[Records from a data collection]
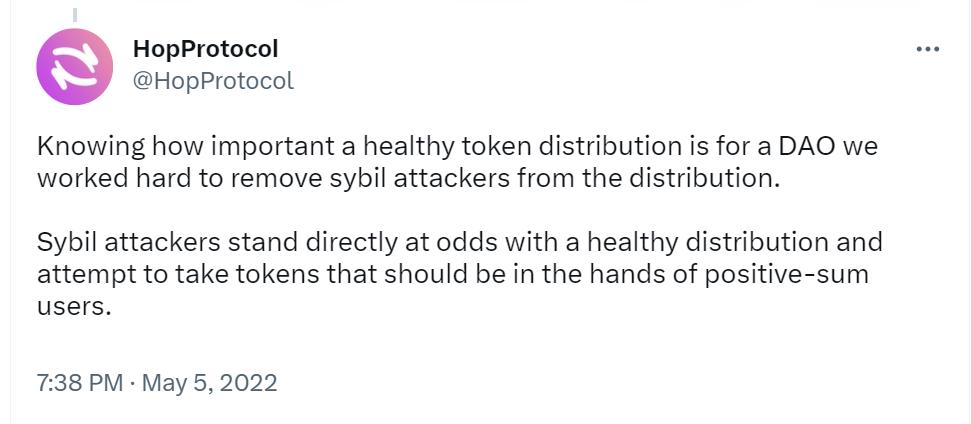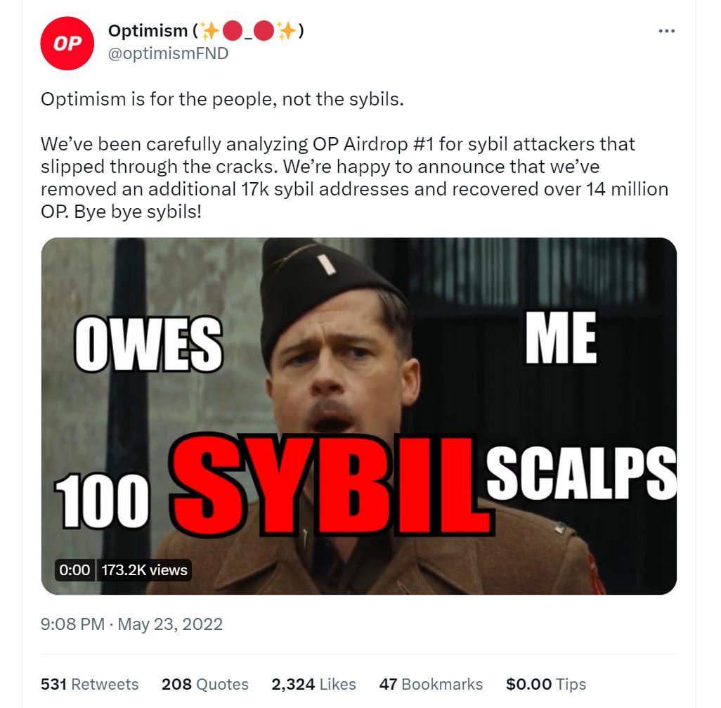 Optimism 上面的推文显示了他们如何从 Sybil 攻击者那里恢复空投,所以这正是我们在这里倾向于避免的。
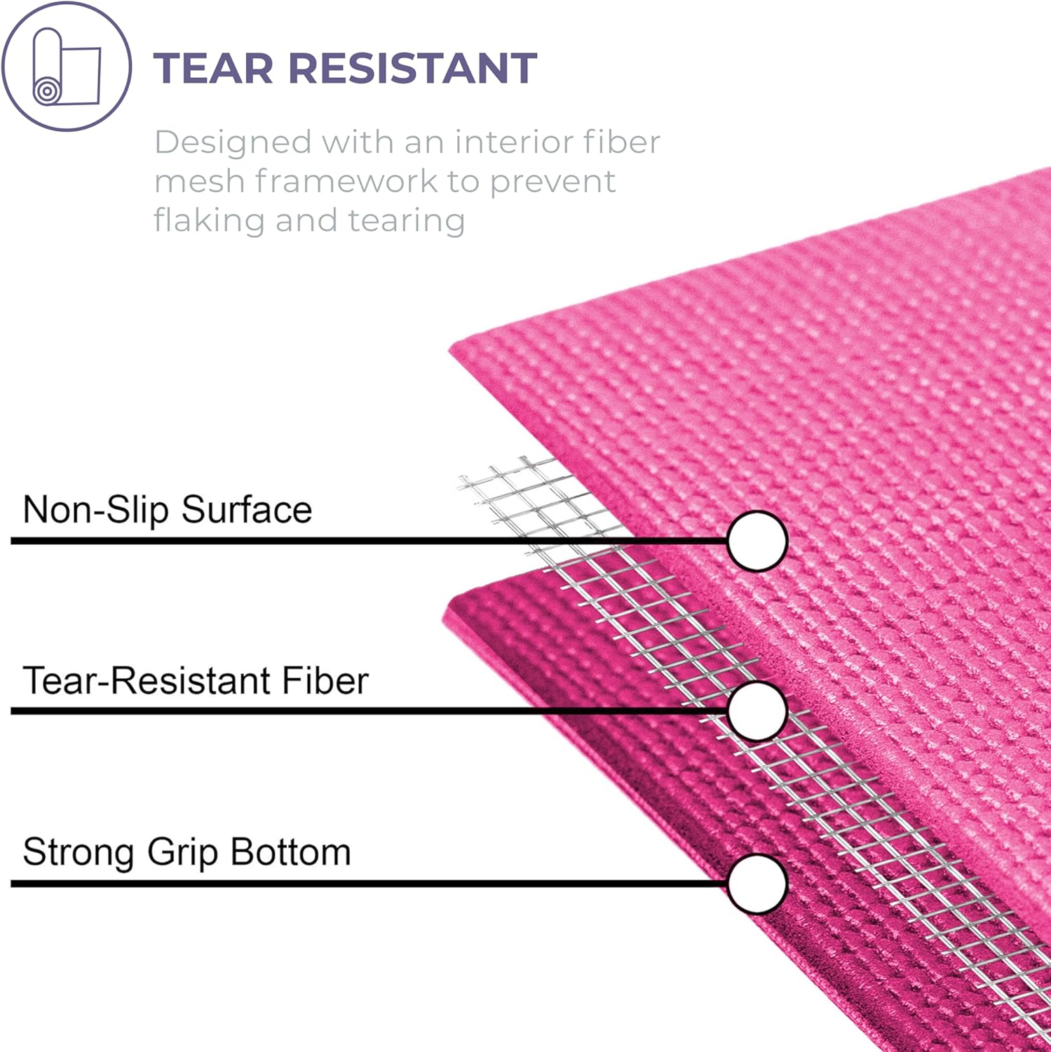 - Non-Slip: The fitness mat features a textured surface for stability and balance when changing or maintaining poses; created with an interior fiber mesh layer to reduce mat stretch and resist tears for longevity
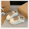 Modne sportowe buty casual na platformie damskie 2025 wiosna nowe wszechstronne okrągły nosek skórzane białe buty podwyższające damskie buty typu board
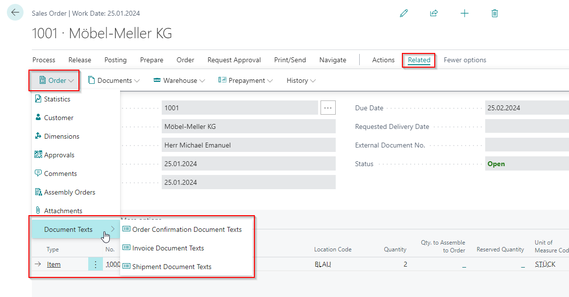 If you did not activate the Insert automatically into documents option when creating a document text, you will have to add it manually. To do this, open the corresponding document. Via More options -> Related -> Document type (e.g. order) you will find the tab Document texts.
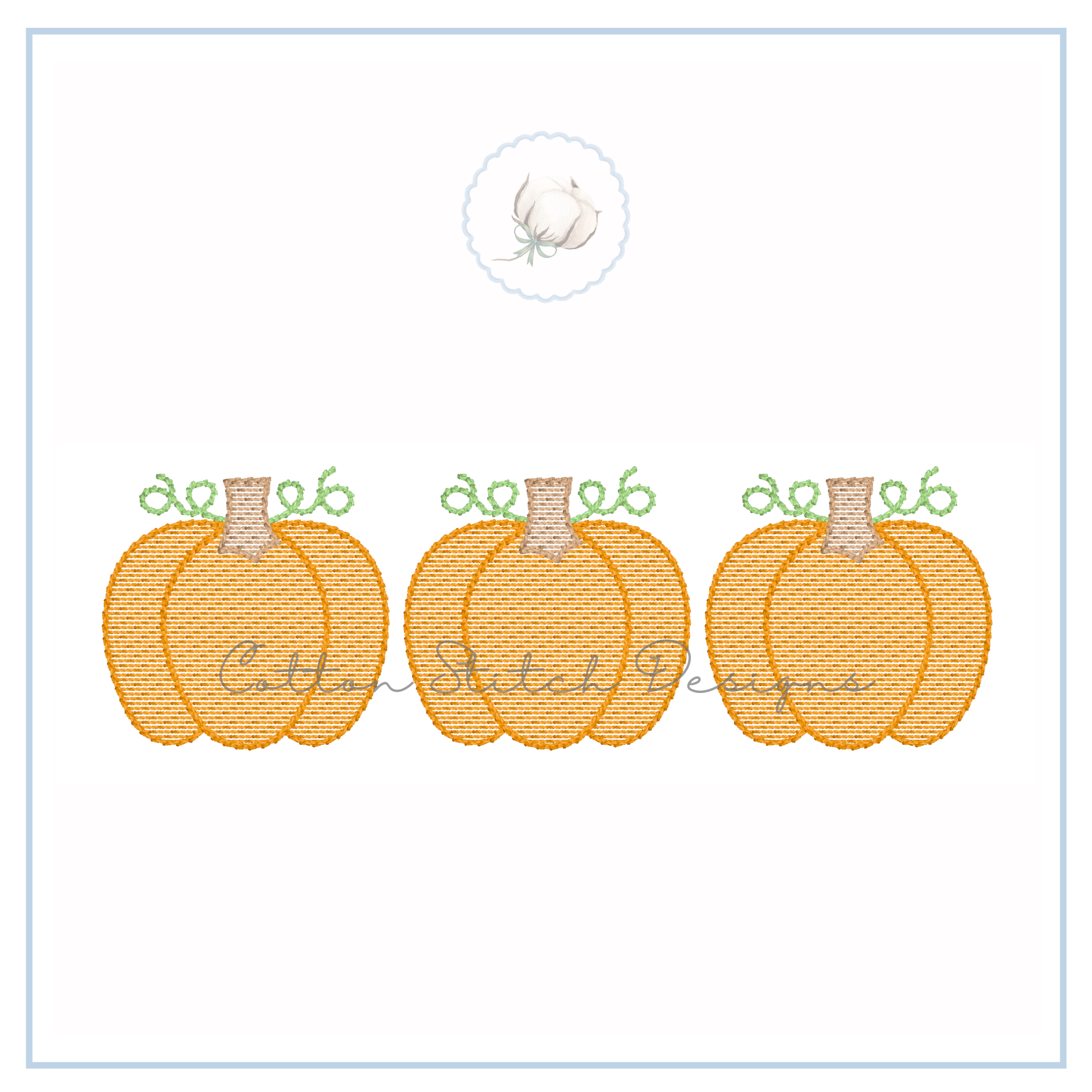 Pumpkin Trio Embroidery Design is a sketch stitch machine embroidery design. Designed to have a lower stitch count and a lighter fill than a traditional fill stitch, allowing fabric to show through for a sketch appearance.
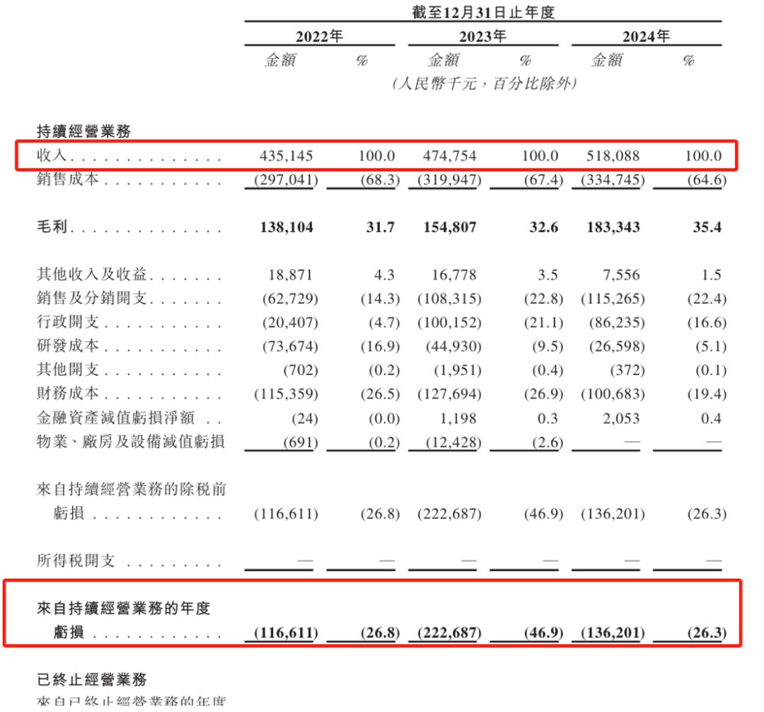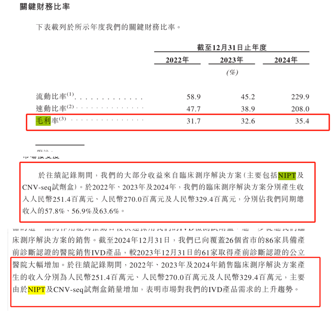 业绩方面,招股书显示,2022年—2024年,安诺优达的收入分别为4.35亿元、4.75亿元和5.18亿元。其中,临床测序解决方案产生的收入分别为2.51亿元、2.7亿元及3.29亿元,分别占总收入的57.8%、56.9%及63.6%;来自持续经营业务年度净亏损分别为1.17亿元、2.23亿元、1.36亿元;毛利率分别为31.7%、32.6%、35.4%。

■ Task details
Every entry must be transcribed exactly. Pictures do not belong in the copy.

■ Written answer
 Optimism 上面的推文显示了他们如何从 Sybil 攻击者那里恢复空投,所以这正是我们在这里倾向于避免的。
 - Non-Slip: The fitness mat features a textured surface for stability and balance when changing or maintaining poses; created with an interior fiber mesh layer to reduce mat stretch and resist tears for longevity
 Modne sportowe buty casual na platformie damskie 2025 wiosna nowe wszechstronne okrągły nosek skórzane białe buty podwyższające damskie buty typu board
 If you did not activate the Insert automatically into documents option when creating a document text, you will have to add it manually. To do this, open the corresponding document. Via More options -> Related -> Document type (e.g. order) you will find the tab Document texts.
 Pumpkin Trio Embroidery Design is a sketch stitch machine embroidery design. Designed to have a lower stitch count and a lighter fill than a traditional fill stitch, allowing fabric to show through for a sketch appearance.
 业绩方面,招股书显示,2022年—2024年,安诺优达的收入分别为4.35亿元、4.75亿元和5.18亿元。其中,临床测序解决方案产生的收入分别为2.51亿元、2.7亿元及3.29亿元,分别占总收入的57.8%、56.9%及63.6%;来自持续经营业务年度净亏损分别为1.17亿元、2.23亿元、1.36亿元;毛利率分别为31.7%、32.6%、35.4%。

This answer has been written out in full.